*Directions for this task*. What should come back is the data below, word for word, minus any picture.

*Data section*.
________________
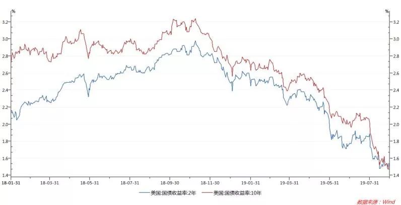 在美国债市收益率普遍下降的背景下,基准10年期国债的收益率自8月14日以来已多次低于2年期收益率。在健康的市场中,长期债券收益率要高于短期债券收益率。而债券收益率倒挂出现,往往是经济走向衰退的可靠信号。
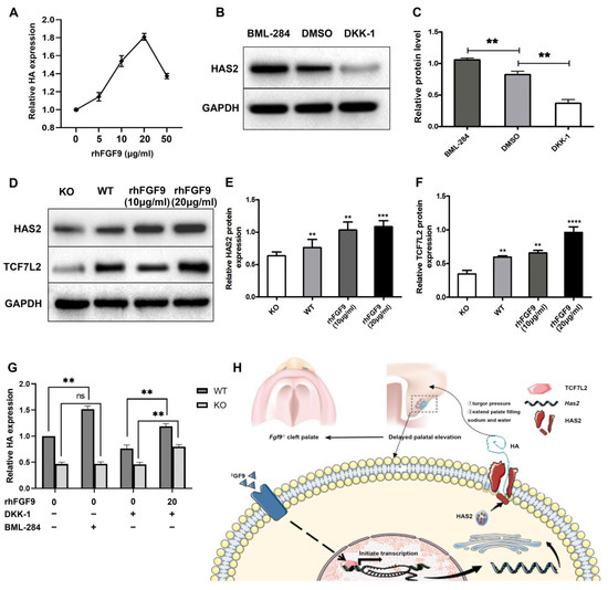 Mechanism of Fgf9 promoting HA expression. (A) Effect of different concentrations of rhFGF9 (0–50 µg/mL) on HA secretion in MEPM. (B,C) The protein levels of HAS2 in MEPM cells after treatment with BML-284 or DKK-1 were determined by Western blot assay. (D–F) The protein levels of HAS2 and TCF7L2 in KO MEPM cells and WT MEPM cells treated with 0, 10, or 20 µg/mL rhFGF9 were determined by Western blot assay. Asterisks indicate a significant difference from the KO MEPM cells.(G) Elisa analysis of HA expression in WT and KO MEPM with different treatment. (H) Schematic diagram of mechanism of this research. The bar graph represents the mean ± SEM. ns: no significance, p ≥ 0.05, ** p < 0.01, *** p < 0.001, **** p < 0.0001. Western blot analysis showed differences of HAS2, β-catenin, and TCF7L2 expression in Wildtype and Fgf9−/− palate.
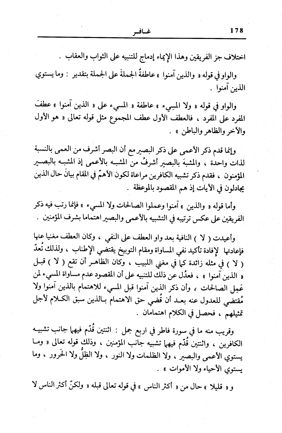 وَأَمَّا قَوْلُهُ: وَالَّذِينَ آمَنُوا وَعَمِلُوا الصَّالِحاتِ وَلَا الْمُسِيءُ فَإِنَّمَا رَتَّبَ فِيهِ ذِكْرَ الْفَرِيقَيْنِ عَلَى عَكْسِ تَرْتِيبِهِ فِي التَّشْبِيهِ بِالْأَعْمَى وَالْبَصِيرِ اهْتِمَامًا بِشَرَفِ الْمُؤْمِنِينَ.
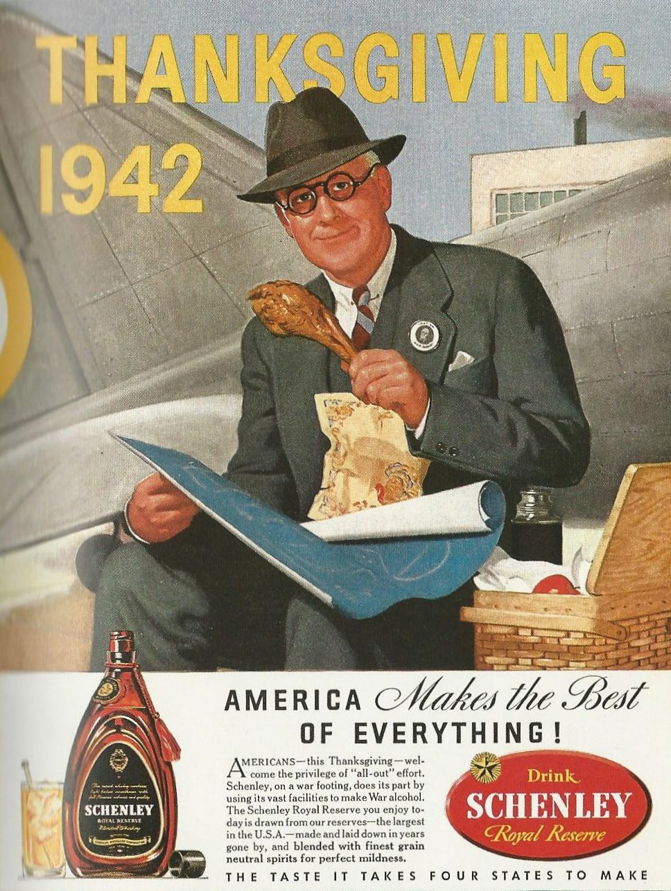 I respect the guy’s role in airplane design and admire his specs. But Schenley and a drumstick for lunch?
________________
*Result for this task*.
 在美国债市收益率普遍下降的背景下,基准10年期国债的收益率自8月14日以来已多次低于2年期收益率。在健康的市场中,长期债券收益率要高于短期债券收益率。而债券收益率倒挂出现,往往是经济走向衰退的可靠信号。
 Mechanism of Fgf9 promoting HA expression. (A) Effect of different concentrations of rhFGF9 (0–50 µg/mL) on HA secretion in MEPM. (B,C) The protein levels of HAS2 in MEPM cells after treatment with BML-284 or DKK-1 were determined by Western blot assay. (D–F) The protein levels of HAS2 and TCF7L2 in KO MEPM cells and WT MEPM cells treated with 0, 10, or 20 µg/mL rhFGF9 were determined by Western blot assay. Asterisks indicate a significant difference from the KO MEPM cells.(G) Elisa analysis of HA expression in WT and KO MEPM with different treatment. (H) Schematic diagram of mechanism of this research. The bar graph represents the mean ± SEM. ns: no significance, p ≥ 0.05, ** p < 0.01, *** p < 0.001, **** p < 0.0001. Western blot analysis showed differences of HAS2, β-catenin, and TCF7L2 expression in Wildtype and Fgf9−/− palate.
 وَأَمَّا قَوْلُهُ: وَالَّذِينَ آمَنُوا وَعَمِلُوا الصَّالِحاتِ وَلَا الْمُسِيءُ فَإِنَّمَا رَتَّبَ فِيهِ ذِكْرَ الْفَرِيقَيْنِ عَلَى عَكْسِ تَرْتِيبِهِ فِي التَّشْبِيهِ بِالْأَعْمَى وَالْبَصِيرِ اهْتِمَامًا بِشَرَفِ الْمُؤْمِنِينَ.
 I respect the guy’s role in airplane design and admire his specs. But Schenley and a drumstick for lunch?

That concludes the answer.